The shift from a British identity to an American identity took time as colonists gave up aspects of British culture while they resisted, first, governmental overreach and, then, ultimately embraced full national independence.

Tea was one aspect of English culture given up as a political act to protest British rule and to show support for the American cause.  Abstention from tea drinking began with the Tea Act of 1773.  Parliament passed the Tea Act to bailout the financially troubled East India Company (EIC).[1]  The government told the Company that it could ship tea directly to the colonies, duty-free.  The EIC could get rid of loads of tea piling up in their London storerooms.  Colonists could get tea that was cheaper than the illegal stuff smuggled in.  Everyone should have been happy.  But everyone wasn’t.  The tea the Company sold to the colonists was to be taxed under the Townshend Acts.  If colonists purchased it, they indirectly accepted Parliament’s right to tax them without representation.[2]

Tea became an emblem of British oppression and a boycott of the drink became a revolutionary act.  John Adams wrote to his wife Abigail that “Tea must be universally renounced and I must be weaned, and the sooner the better.”  Rejecting British culture, patriotic associations gave less than hospitable “tea parties” in Boston and Yorktown for merchants who continued to sell the politically incorrect brew.[3]  Less well-known was a tea party of sorts organized by the women of Edenton, North Carolina, who came together on October 25, 1774 and pledged to boycott tea and other British goods.  Whether politicians or housewives, Americans up and down the colonies joined these protests and vowed to never serve tea in their homes.[4]

A Society of Patriotic Ladies

“A society of patriotic ladies, at Edenton in North Carolina” printed for R. Sayer & J. Bennett on March 25, 1775 in London. This satirical print shows American women pledging to boycott English tea in response to Continental Congress resolution in 1774 to boycott English goods.

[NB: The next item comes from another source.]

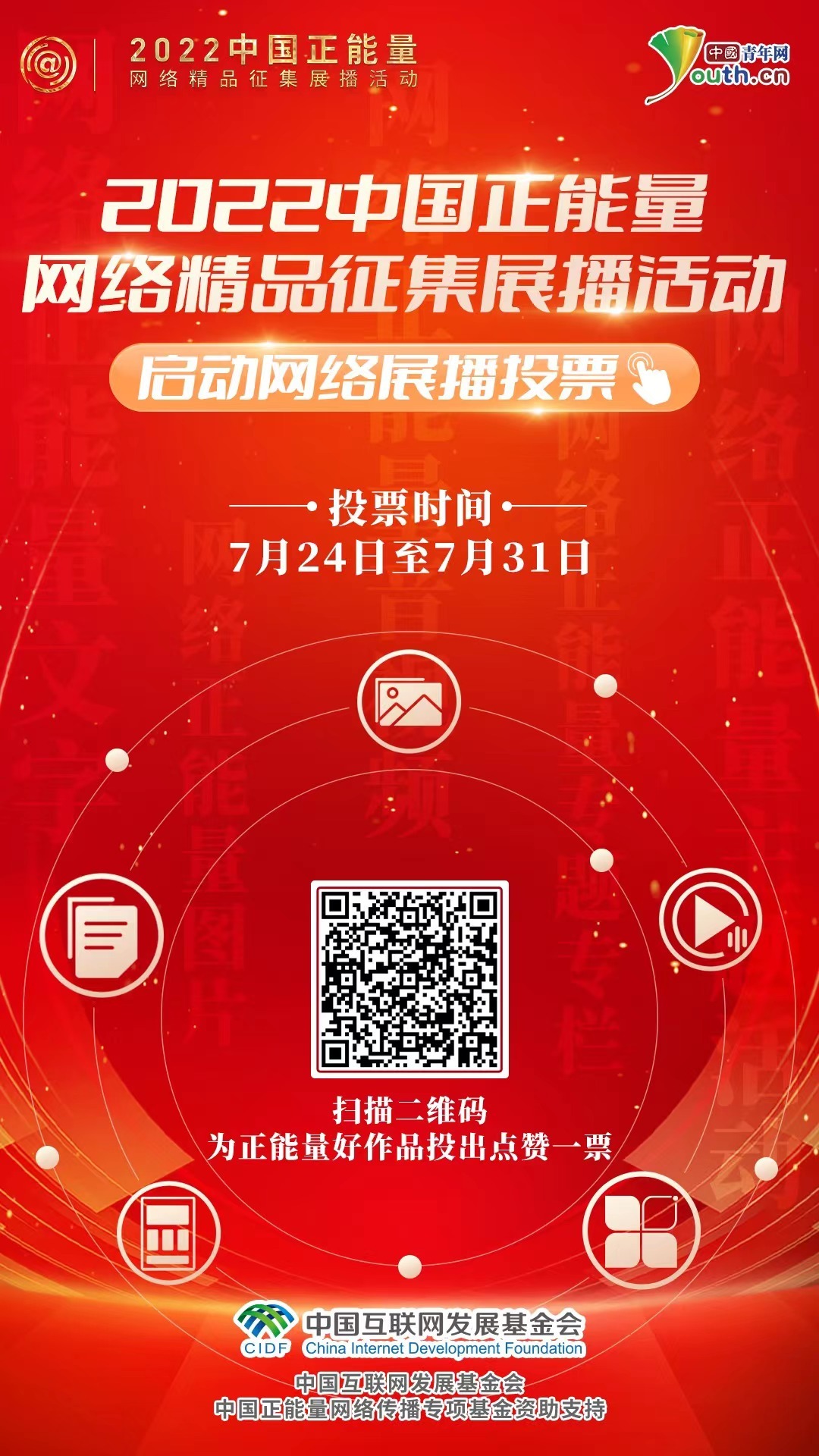 团结奋进新征程,同心奋斗创伟业。由中央网信办主办的2022中国正能量网络精品征集展播活动已正式启动网络展播投票。网络正能量文字、网络正能量图片、网络正能量音视频、网络正能量专题专栏、网络正能量主题活动,约1100件正能量好作品汇聚网络空间,欢迎广大网友扫描二维码关注作品、参与投票,让“大流量”澎湃正能量。(刘尚君潘晓文 朱钧有)
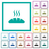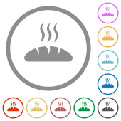 Parująca patelnia wielokolorowe płaskie ikony na okrągłych tłach. W zestawie białe, jasne i ciemne ikony dla efektów poduszki i aktywnego statusu oraz odcienie bonusowe.

Credit: Library of Congress.

By at least May of 1774, Virginians near Fredericksburg had given up their tea.   Philip Vickers Fithian, tutor to the Carter family at Nomini Hall, visited some neighbors on May 19 and noted in his diary that he “Drank Coffee at four, they are now too patriotic to use tea.”[5] Indeed, as Fithan indicates and as we’ve previously explored in this post, coffee became Americans’ go-to substitute for tea.

Fithian did not seem all that enthusiastic about the tea boycott, however. A few months later, he got very excited when “Something in our palace this Evening, very merry happened—Mrs Carter made a dish of Tea. At Coffee, she sent me a dish—& the Colonel both ignorant—He smelt, sipt—look’d—At last with great gravity he asks what’s this?—Do you ask Sir—Poh!—And out he throws it splash a sacrifice to Vulcan” [meaning the Roman god of fire, of course, and not Spock’s homeworld on Star Trek].[6]  While “the Colonel” Robert Carter III “did not volunteer for political or military service during the Revolution. He did, however, sign the Virginia loyalty oath and supported the non-importation agreements drawn up by the First Continental Congress.”  He patriotically did not partake of the British beverage but Fithian clearly missed his tea.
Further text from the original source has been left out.